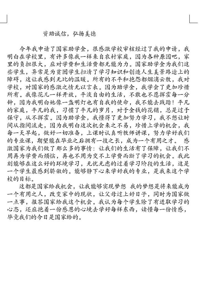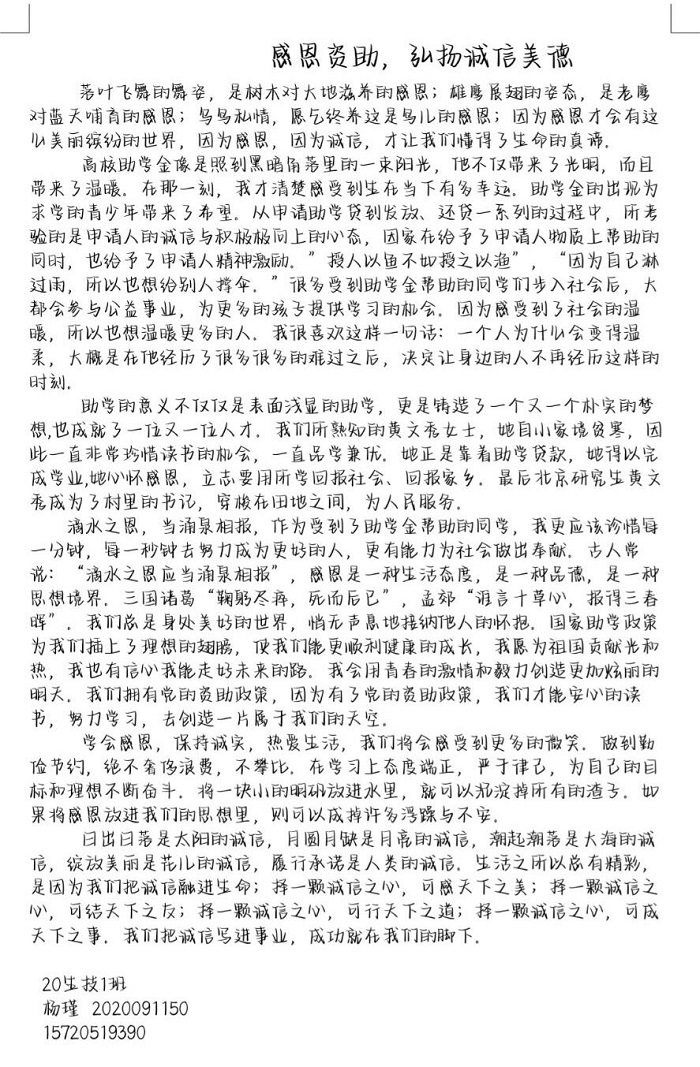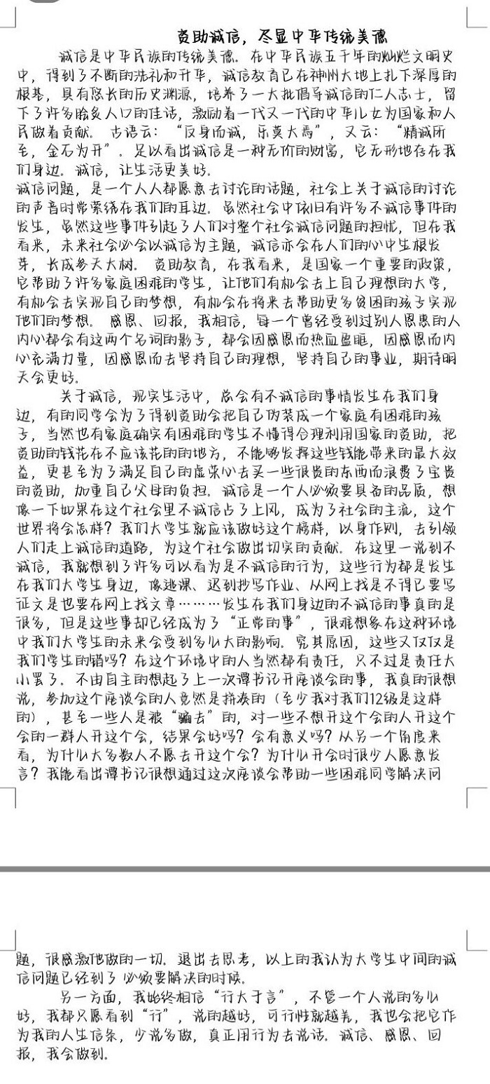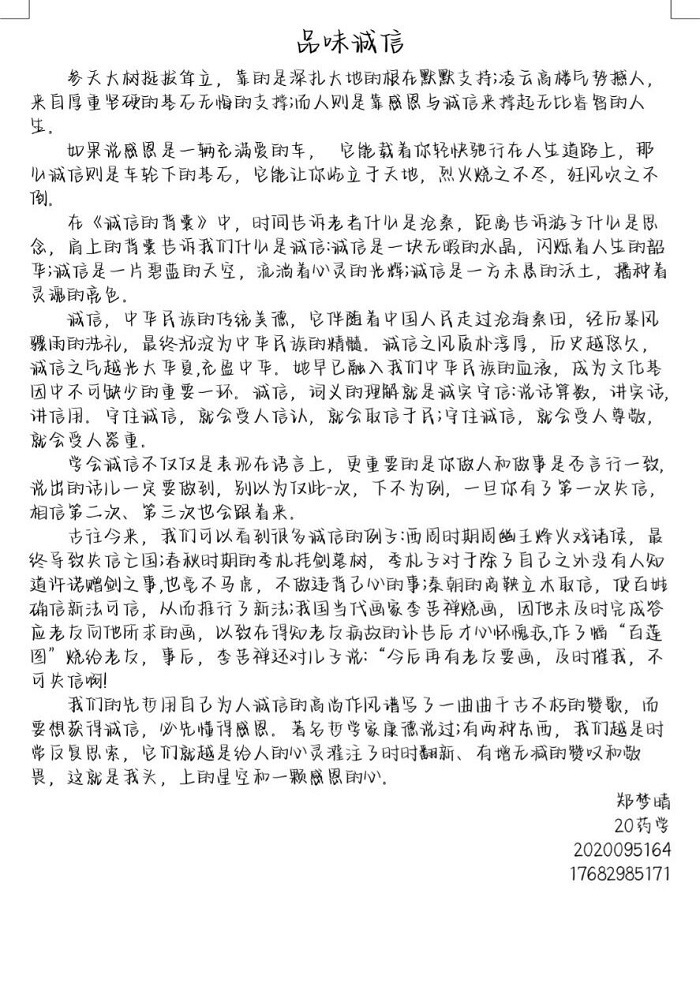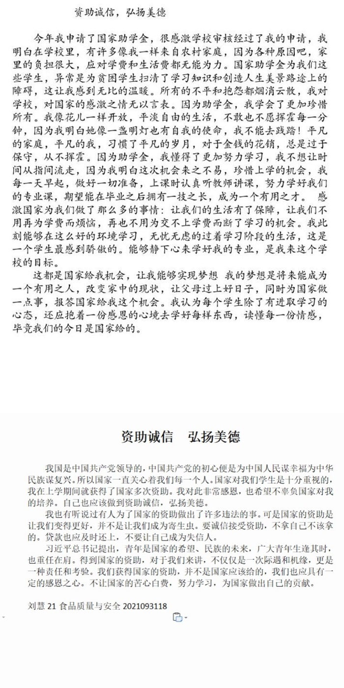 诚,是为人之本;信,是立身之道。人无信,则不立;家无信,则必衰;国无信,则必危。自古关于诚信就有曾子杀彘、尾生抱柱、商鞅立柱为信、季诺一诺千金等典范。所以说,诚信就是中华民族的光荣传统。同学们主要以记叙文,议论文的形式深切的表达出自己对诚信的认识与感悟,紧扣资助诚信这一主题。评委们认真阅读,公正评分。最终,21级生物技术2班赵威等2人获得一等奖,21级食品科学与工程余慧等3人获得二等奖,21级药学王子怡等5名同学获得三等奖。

...

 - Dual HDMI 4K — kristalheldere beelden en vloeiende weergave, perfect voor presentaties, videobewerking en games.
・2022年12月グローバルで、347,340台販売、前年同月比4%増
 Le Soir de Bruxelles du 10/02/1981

...

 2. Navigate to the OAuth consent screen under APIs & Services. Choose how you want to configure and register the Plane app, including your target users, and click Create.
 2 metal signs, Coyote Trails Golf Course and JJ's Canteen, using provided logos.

TASK OBJECTIVE: From the records above, print exactly the lines that run from the line with "- Dual HDMI" to the line with "Le Soir de Bruxelles du 10/02/1981", inclusive.

TASK ANSWER:
 - Dual HDMI 4K — kristalheldere beelden en vloeiende weergave, perfect voor presentaties, videobewerking en games.
・2022年12月グローバルで、347,340台販売、前年同月比4%増
 Le Soir de Bruxelles du 10/02/1981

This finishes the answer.